Thursday 24 January 2013

Junk mail has its uses!

Junk mail has its uses!

Our intrepid postman brings the daily haul of mail, much of it consisting of junk. Added to that are the flyers that are pushed through the letter box each day – advertisements for take-away meals, taxi companies, window cleaners, gardening, ironing, oven cleaning – you name it, somewhere there’s someone offering services you might never have realised you needed. Then there are the many catalogues that arrive in droves – glossy, brightly-coloured, all appealing to the acquisitive spirit that lurks beneath the surface of so many of us.

Some of this dross can be burnt with the garden rubbish, (check which way the wind is blowing if you don’t want to be billed for relaundering the washing your neighbours may be attempting to dry in Nature’s tumble dryer!) some may be composted, though too much gives the worms indigestion (I made that up) but I fear much ends up in landfill sites or on a slow boat to China.

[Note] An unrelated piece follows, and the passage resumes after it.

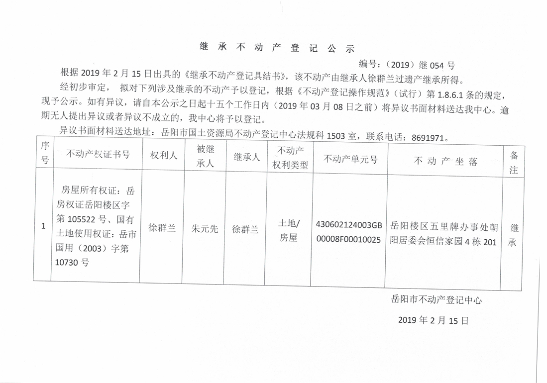 继承不动产登记公示 编号:(2019)继号054号

We are fortunate in having a log burner – two, actually, that also work on other fuels. Junk mail is useful in the initial ignition of the fires but burns away very quickly, leaving ash that can choke a nascent conflagration. Recently I saw an advertisement for the LogSaver, a device that holds rolled-up paper in a form similar to a natural log. It shows a copy of Yellow Pages (telephone directory) neatly rolled and held firmly in the iron grip of the LogSaver – that in itself was sufficient to stimulate my interest. Telephone directories are heavy, dense and not acceptable at local recycling points, in this area anyway. The advertisement further informed me that the logs thus formed would burn for around one hour and that the device would last for two years. (I must admit that I misread or misunderstood that last point and it was only when I was telling Barry how amazing it was that the logs would last for two years that I realised what I was saying and ended up in a fit of giggles. I’ve had a lot on my mind recently . . . )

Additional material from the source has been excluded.